Small Investors Lick Their Wounds After Wild Year

 

This week, TheStreet and RealMoney will be exploring the aftermath of Lehman Brothers' bankruptcy filing and the ensuing market chaos it brought to a head almost a year ago. Read all of our One Year Later coverage.

NEW YORK (TheStreet) -- Kaye Hickey had come down with a common ailment during the financial crisis: Investment-account phobia.

It was January 2009, and as the stock market continued to free fall in the wake of the worst economic malaise since the Great Depression, the 65-year-old retired schoolteacher refused to log in to her TIAA-CREF account online. Monthly statements stayed in their envelopes.

"I just didn't want to see how far it had gone down," she says now. Not until this summer could she steel herself for her first look since late 2008, and it wasn't pretty: At the market's absolute trough in March, Hickey estimates her and her husband Jim's portfolio had lost perhaps a third of its value.

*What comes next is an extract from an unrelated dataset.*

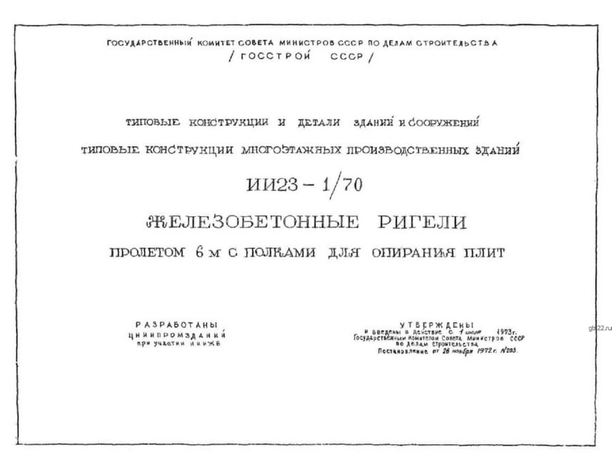 | Название стандарта | Железобетонные ригели пролетом 6 м с полками для опирания плит. |

"'We always have the farm'," Jim Hickey told his wife at one point, referring to a tract of family property in a rural area of southern Virginia. "'We can grow vegetables." It was unclear how much seriousness, and how much joke, he had allocated to that statement.

The financial and economic earthquake of the last year has shifted the landscape in radical ways for an investor class -- variously described as the small investor, the retail investor, the individual investor, or the "little guy" -- that owns roughly half the outstanding shares in U.S. public companies.

Much has been written, and said, about how the crisis has exploded whole schools of investment thought, how it has called into doubt the most basic and long-held investing precepts. Modern portfolio theory -- from buy-and-hold to diversification to asset allocation -- was pronounced seriously wounded, if not dead.